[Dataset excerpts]
---

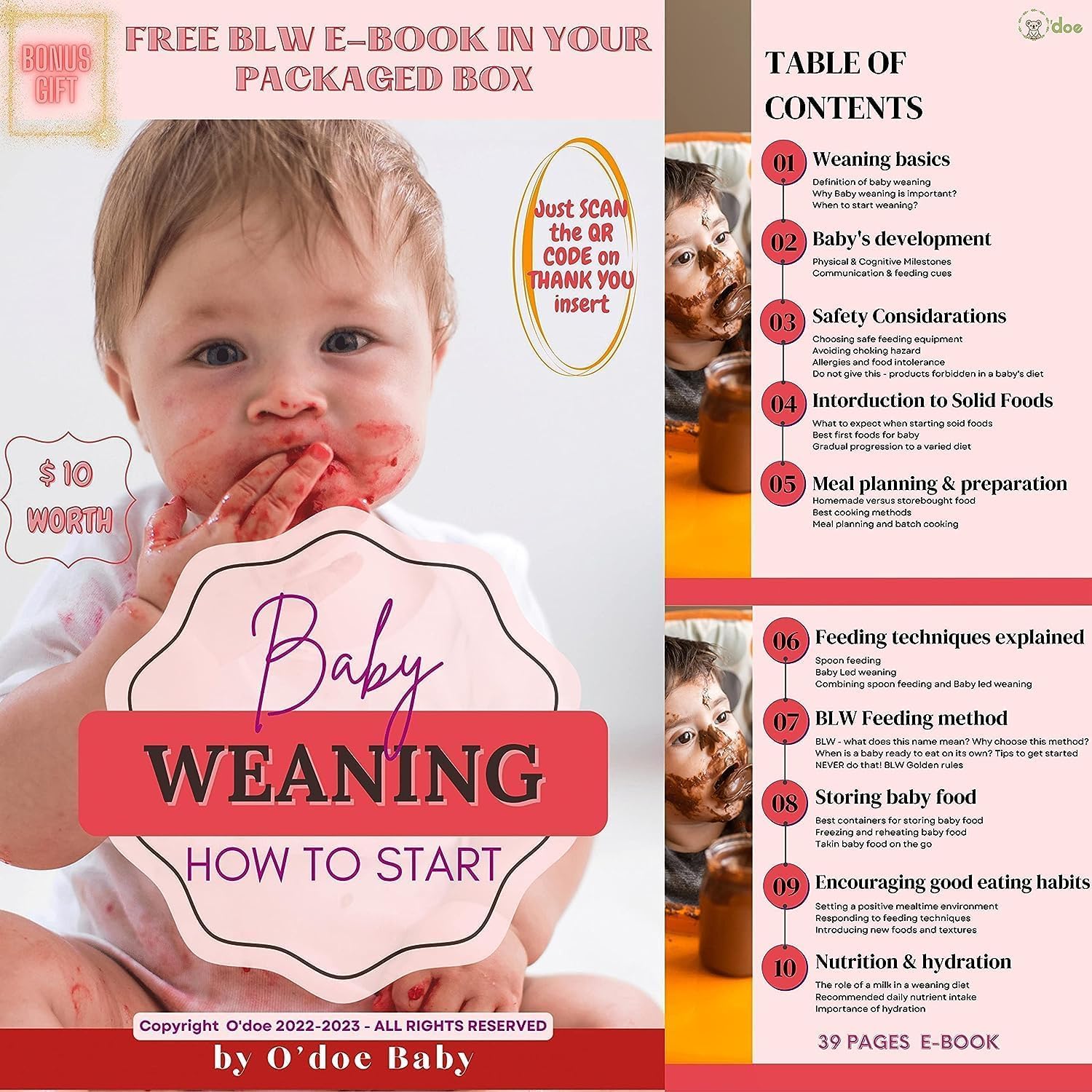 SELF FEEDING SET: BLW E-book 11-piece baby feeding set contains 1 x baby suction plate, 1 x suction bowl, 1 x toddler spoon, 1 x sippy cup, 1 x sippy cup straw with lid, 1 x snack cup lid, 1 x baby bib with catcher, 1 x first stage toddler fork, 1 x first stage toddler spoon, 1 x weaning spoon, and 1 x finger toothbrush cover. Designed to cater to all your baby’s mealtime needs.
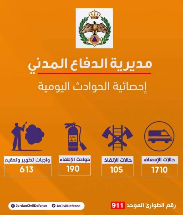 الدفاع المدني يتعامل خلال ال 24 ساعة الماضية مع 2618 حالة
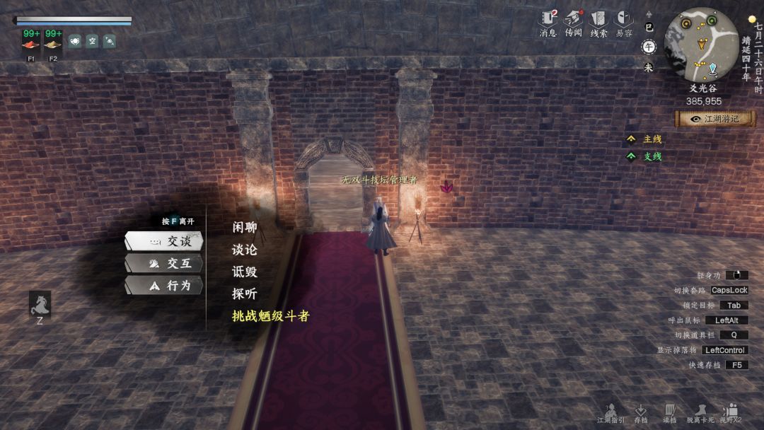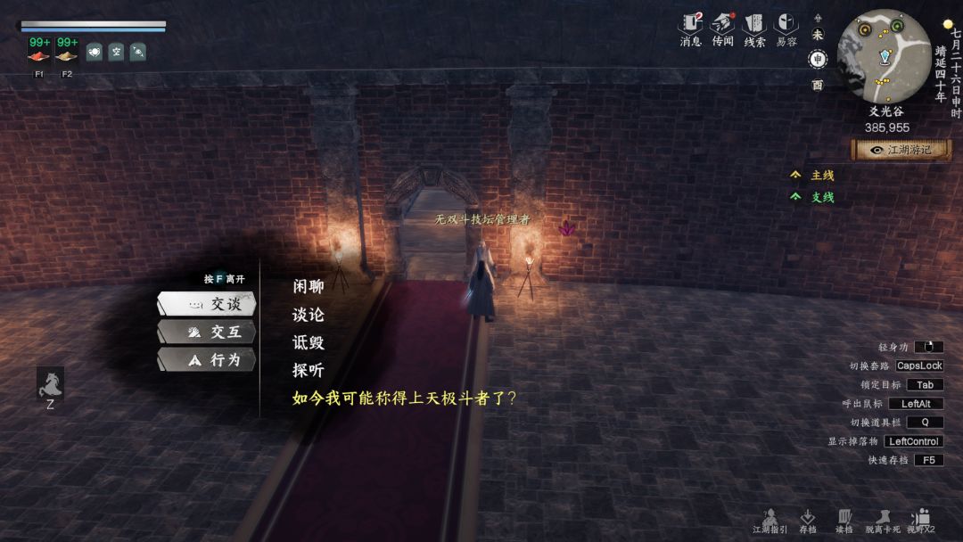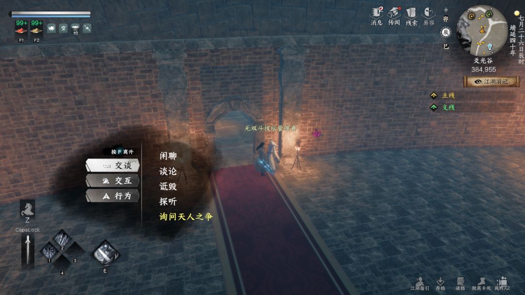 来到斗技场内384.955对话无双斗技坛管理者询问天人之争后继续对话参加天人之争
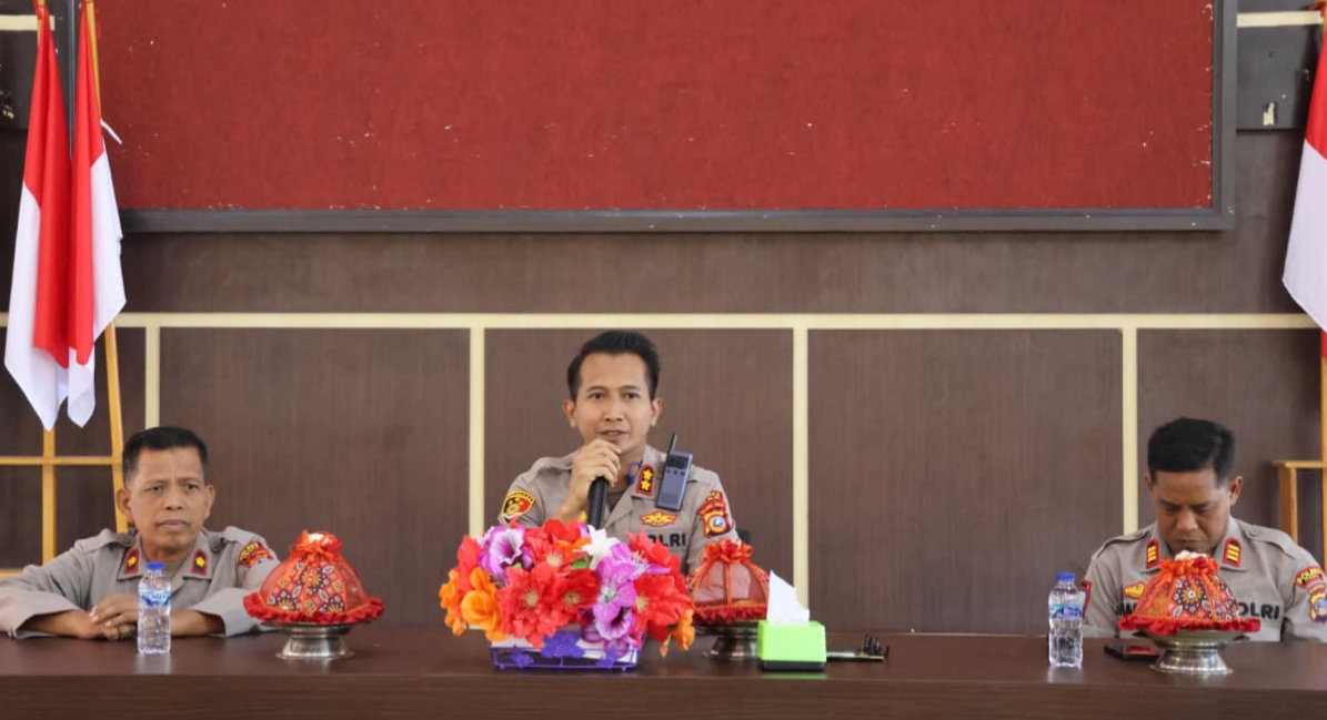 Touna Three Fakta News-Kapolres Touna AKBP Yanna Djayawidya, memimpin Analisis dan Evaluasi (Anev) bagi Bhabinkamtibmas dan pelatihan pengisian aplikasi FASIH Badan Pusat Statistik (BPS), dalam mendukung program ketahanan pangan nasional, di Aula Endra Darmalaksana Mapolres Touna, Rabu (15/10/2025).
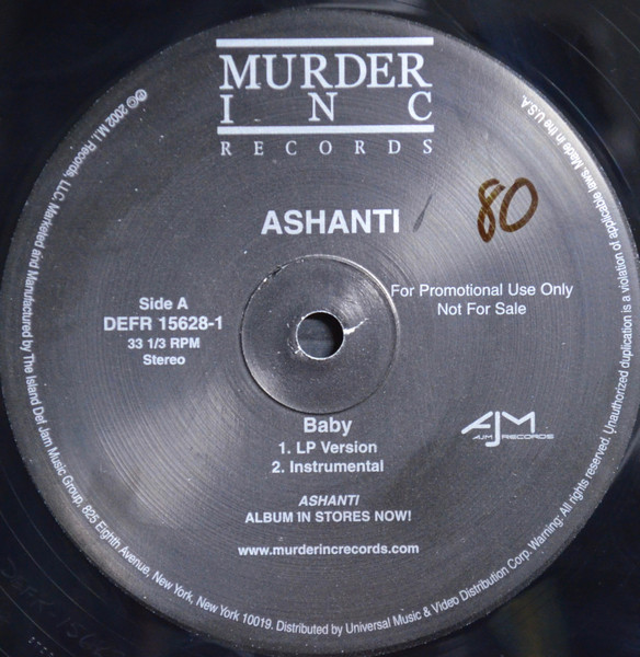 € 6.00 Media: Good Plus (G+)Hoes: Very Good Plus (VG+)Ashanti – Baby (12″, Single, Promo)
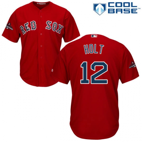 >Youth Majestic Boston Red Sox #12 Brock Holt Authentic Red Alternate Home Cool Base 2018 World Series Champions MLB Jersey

---

■ TASK: Only the lines from the one containing "الدفاع المدني يتعامل" through the end of the records are wanted, set down exactly and without their pictures.

■ RESPONSE:
 الدفاع المدني يتعامل خلال ال 24 ساعة الماضية مع 2618 حالة
 来到斗技场内384.955对话无双斗技坛管理者询问天人之争后继续对话参加天人之争
 Touna Three Fakta News-Kapolres Touna AKBP Yanna Djayawidya, memimpin Analisis dan Evaluasi (Anev) bagi Bhabinkamtibmas dan pelatihan pengisian aplikasi FASIH Badan Pusat Statistik (BPS), dalam mendukung program ketahanan pangan nasional, di Aula Endra Darmalaksana Mapolres Touna, Rabu (15/10/2025).
 € 6.00 Media: Good Plus (G+)Hoes: Very Good Plus (VG+)Ashanti – Baby (12″, Single, Promo)
 >Youth Majestic Boston Red Sox #12 Brock Holt Authentic Red Alternate Home Cool Base 2018 World Series Champions MLB Jersey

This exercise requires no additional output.